Location
- 58 moo. 1, Chantanimit, Chantaburi, Thailand 22000
- Coordinates: 12°36′56″N 102°07′38″E﻿ / ﻿12.6155478°N 102.127187°E

Information
- Other name: LSCM
- Type: Private school
- Established: 1945
- Teaching staff: 90
- Enrollment: 1,500
- Color: White - Blue
- Website: http://www.lasalle.ac.th/

= La Salle Chantaburi (Mandapitak) School =

La Salle Chantaburi (Mandapitak) School (โรงเรียนลาซาลจันทบุรี(มารดาพิทักษ์)) is a Lasallian Roman Catholic coeducational school. It teaches kindergarten through secondary school. The school is located at 58 moo. 1, Chantanimit, Chantaburi, Thailand. It was opened in 1945. It has about 1500 students and about 90 teachers. White and blue are the school colors.

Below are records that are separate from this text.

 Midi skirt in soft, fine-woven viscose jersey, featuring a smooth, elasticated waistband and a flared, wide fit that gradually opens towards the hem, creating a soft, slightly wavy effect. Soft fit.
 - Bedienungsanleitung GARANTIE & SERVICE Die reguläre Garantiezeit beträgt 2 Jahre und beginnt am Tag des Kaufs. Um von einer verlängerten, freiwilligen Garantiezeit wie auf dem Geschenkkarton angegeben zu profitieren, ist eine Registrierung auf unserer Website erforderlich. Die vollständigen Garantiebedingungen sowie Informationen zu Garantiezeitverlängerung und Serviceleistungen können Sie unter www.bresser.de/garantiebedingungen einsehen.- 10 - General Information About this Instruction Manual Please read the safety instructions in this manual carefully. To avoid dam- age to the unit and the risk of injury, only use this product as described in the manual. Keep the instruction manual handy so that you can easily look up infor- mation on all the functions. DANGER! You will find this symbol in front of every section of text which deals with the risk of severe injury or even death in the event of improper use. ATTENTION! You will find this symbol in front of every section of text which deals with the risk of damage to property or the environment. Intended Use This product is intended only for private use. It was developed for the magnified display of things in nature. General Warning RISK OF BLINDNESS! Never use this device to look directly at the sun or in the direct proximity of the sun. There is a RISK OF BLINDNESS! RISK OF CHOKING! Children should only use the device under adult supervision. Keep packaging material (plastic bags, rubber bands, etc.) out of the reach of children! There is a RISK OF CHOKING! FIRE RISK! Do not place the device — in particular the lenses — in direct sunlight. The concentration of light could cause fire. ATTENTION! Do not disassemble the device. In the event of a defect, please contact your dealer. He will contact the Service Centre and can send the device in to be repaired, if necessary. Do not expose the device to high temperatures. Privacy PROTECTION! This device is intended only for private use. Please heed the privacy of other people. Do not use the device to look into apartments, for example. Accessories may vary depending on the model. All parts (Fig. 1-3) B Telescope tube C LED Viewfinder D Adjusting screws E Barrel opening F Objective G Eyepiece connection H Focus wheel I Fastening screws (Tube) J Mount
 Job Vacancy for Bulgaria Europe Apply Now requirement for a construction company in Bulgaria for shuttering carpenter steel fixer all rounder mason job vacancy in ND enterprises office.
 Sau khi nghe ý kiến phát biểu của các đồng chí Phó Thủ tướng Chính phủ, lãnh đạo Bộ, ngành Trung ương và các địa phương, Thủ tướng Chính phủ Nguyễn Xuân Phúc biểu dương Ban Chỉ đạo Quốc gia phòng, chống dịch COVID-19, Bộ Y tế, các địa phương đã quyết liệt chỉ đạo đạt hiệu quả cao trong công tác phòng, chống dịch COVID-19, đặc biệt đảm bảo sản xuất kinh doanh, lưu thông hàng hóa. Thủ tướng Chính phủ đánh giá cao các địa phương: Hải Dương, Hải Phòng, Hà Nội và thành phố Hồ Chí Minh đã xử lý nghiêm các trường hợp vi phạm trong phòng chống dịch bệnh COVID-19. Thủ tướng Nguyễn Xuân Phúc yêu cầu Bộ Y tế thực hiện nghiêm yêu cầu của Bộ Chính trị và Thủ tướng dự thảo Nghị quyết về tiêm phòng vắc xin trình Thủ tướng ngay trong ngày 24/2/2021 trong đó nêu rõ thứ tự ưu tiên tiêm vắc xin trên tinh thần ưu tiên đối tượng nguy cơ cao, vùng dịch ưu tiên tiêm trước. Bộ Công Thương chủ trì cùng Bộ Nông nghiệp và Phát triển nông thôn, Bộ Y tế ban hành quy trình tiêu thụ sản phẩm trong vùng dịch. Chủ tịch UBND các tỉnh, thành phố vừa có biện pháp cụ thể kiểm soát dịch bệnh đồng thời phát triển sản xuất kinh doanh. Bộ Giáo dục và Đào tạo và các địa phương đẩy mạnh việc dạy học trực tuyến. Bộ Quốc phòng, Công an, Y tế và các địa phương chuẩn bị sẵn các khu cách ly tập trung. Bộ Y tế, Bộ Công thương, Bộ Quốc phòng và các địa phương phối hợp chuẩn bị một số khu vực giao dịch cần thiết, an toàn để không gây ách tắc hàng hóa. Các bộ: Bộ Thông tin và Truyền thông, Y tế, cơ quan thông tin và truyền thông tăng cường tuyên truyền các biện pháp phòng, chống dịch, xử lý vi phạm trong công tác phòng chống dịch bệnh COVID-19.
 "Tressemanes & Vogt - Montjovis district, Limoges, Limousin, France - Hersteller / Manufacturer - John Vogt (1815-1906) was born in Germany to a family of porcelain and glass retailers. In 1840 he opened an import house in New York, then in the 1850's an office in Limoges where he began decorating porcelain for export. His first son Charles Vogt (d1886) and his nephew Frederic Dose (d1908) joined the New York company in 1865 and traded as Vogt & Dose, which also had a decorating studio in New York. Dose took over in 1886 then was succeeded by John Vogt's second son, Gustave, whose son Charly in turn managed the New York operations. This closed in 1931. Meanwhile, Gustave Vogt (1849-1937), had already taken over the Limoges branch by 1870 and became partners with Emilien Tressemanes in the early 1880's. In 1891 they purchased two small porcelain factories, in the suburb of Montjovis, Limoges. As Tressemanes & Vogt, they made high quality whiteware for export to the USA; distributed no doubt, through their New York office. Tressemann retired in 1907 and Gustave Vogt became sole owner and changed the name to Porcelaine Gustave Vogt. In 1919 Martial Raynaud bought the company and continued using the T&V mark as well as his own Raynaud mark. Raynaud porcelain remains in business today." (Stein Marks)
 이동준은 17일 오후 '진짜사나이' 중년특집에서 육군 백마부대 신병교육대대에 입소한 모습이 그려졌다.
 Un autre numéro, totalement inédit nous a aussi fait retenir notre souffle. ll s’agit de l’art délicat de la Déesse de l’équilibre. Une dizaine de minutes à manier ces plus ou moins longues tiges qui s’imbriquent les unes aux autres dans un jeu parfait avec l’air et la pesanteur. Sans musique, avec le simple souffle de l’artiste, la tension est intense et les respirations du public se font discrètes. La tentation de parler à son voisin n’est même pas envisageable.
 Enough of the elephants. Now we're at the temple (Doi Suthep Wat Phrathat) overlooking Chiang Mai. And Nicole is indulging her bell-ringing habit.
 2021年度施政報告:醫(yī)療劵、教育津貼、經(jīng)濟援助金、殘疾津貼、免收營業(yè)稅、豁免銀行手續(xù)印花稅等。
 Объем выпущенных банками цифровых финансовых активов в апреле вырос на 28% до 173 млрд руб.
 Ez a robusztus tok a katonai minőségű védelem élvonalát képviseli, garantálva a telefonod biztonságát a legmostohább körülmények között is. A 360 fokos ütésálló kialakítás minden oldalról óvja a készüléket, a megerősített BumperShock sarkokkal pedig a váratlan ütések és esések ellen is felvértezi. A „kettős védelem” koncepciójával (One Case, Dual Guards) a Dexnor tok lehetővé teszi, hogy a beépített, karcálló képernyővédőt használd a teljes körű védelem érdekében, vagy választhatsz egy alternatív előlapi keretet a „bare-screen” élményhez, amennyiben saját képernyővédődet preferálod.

Although it is a catholic school, only about 7-9% of the students are catholic.

==History==
At first in 1945, the school was named Mandapitak and accepted boys only in Primary Grades 1 to 4. On 17 May, the school was moved to 58 moo. 1, Chantanimit, Chantaburi, Thailand. The first school building has 3 floors, 15 classrooms and is administrated by the De La Salle Brothers. In 1977, they changed the name to La Salle Chantaburi (Mandapitak) School.

Later on, the school began kindergarten classes and built a dormitory for scholarship students who had trouble getting to school. The
school set up an alumni club on 19 June 1994, and they also donated money to build school name plaque for their school. Afterwards, the school expanded to teach grades 10 to 12, constructed the De La Salle Brother's home, and built a new basketball stadium with donations from alumni. After that, the school improved the toilets, canteen, school building, park, added computer subjects, and constructed a new kindergarten building.